Both men die. Lazarus is carried by angels to Abraham's bosom. The rich man finds himself in Hades, in torment. He looks up and sees Abraham far away, with Lazarus beside him.

The rich man's first words. "Father Abraham, have mercy on me, and send Lazarus to dip his finger in water and cool my tongue, for I am in anguish in this flame." Even in hell, he treats Lazarus as his servant.

Abraham's response reveals everything. "Child, remember that you in your lifetime received your good things, and Lazarus bad things; but now he is comforted here, and you are in anguish."

This point is often confused. The rich man's sin wasn't greed or pride. It was invisibility. Making another human being invisible. Lazarus was right at his gate every day, and he simply didn't see him as a person.

The hidden symbols: Purple represents royal power and opulence, fine linen represents purity, feasting represents satisfaction. The rich man had everything the world calls good. Yet he lived in spiritual blindness.

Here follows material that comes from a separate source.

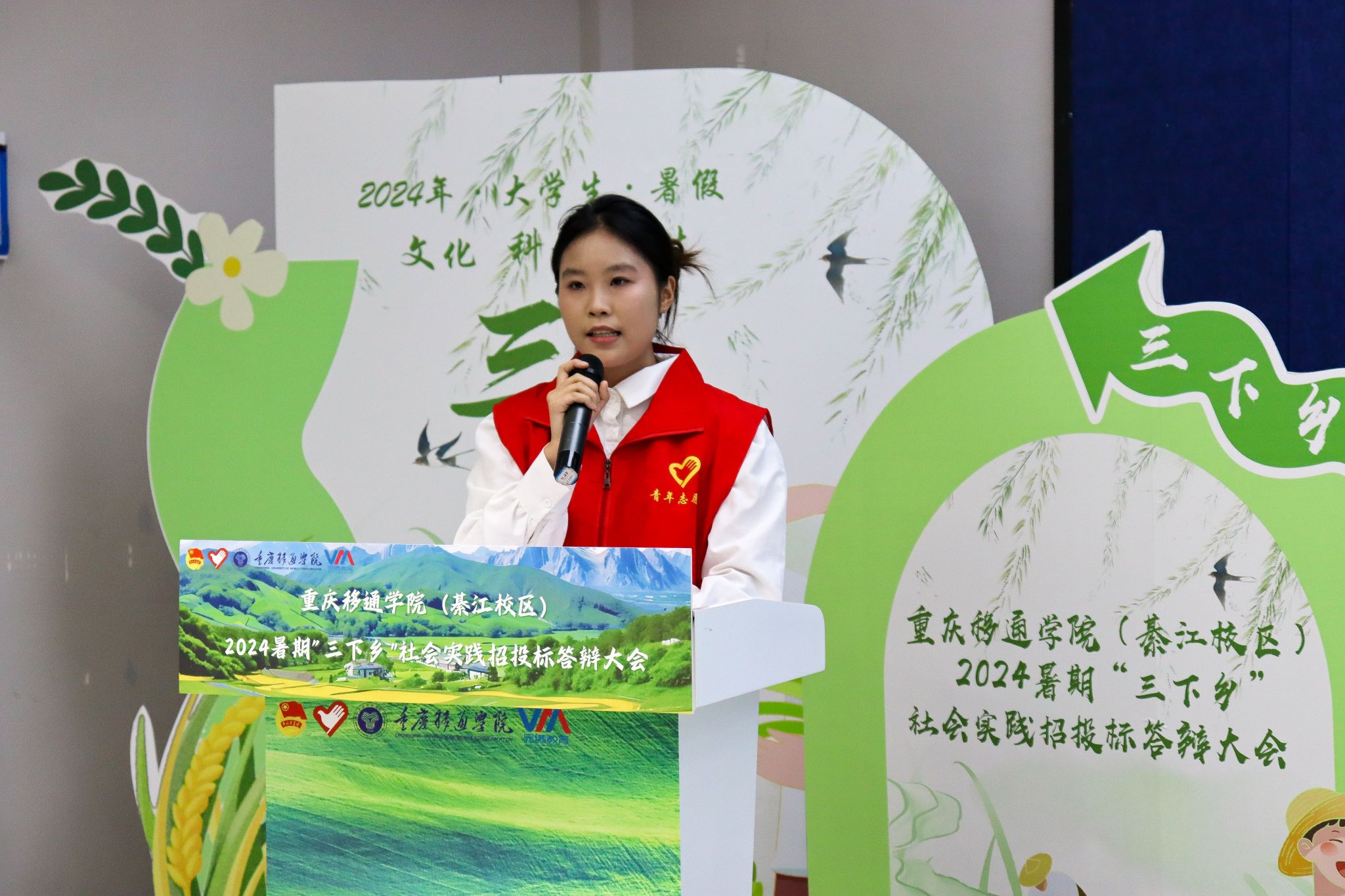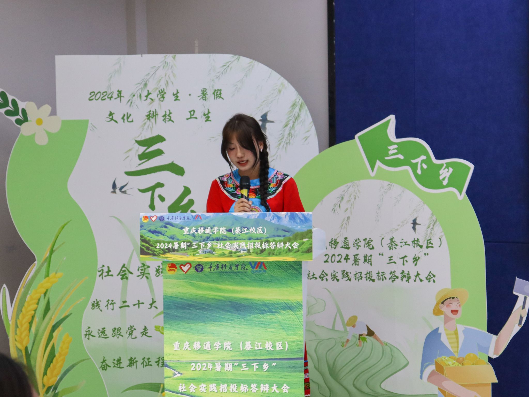 为深入学习宣传贯彻习近平新时代中国特色社会主义思想,全面贯彻落实党的二十大精神,引导和帮助广大青年学生在与实现相结合的“大思政课”中“受教育、长才干、做贡献”,进一步推动青年学生深入基层、了解国情、增长才干、磨炼技能。我校积极响应号召,于6月24日在綦河书院观涛·多功能报告厅组织开展“践行党的二十大、永远跟党走、奋进新征程”重庆移通学院(綦江校区)2024暑期“三下乡”社会实践招投标答辩大会。
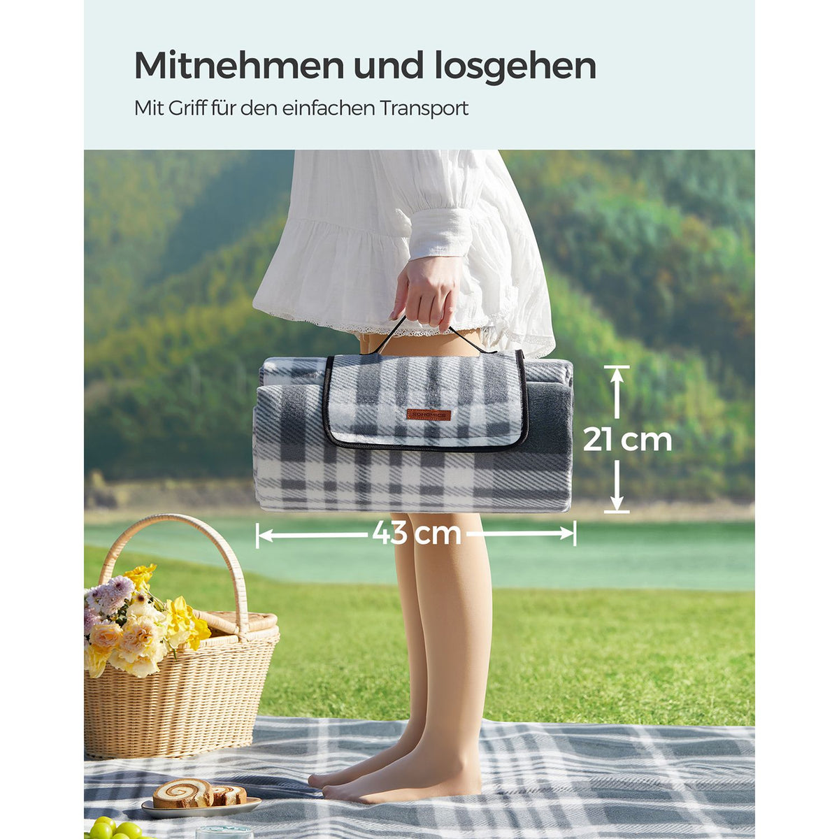 Picknickkleed 300 x 200 cm waterdicht grijswit

Lazarus (meaning "God helps") represents everyone society makes invisible - the homeless, the sick, the forgotten. The dogs that lick his wounds show more compassion than the rich man ever did.

As you write, we all have Lazarus at our gate. The coworker we ignore, the homeless person we step over, the family member we neglect. True poverty isn't lacking money - it's lacking the ability to see others.

The rich man's final plea: "Send Lazarus to my father's house to warn my five brothers." Abraham refuses: "They have Moses and the prophets. If they don't listen to them, they won't believe even if someone rises from the dead."

Hell isn't the rich man’s punishment for being wealthy. It's the natural consequence of living blind to those around you. True wealth is seeing every person as a person.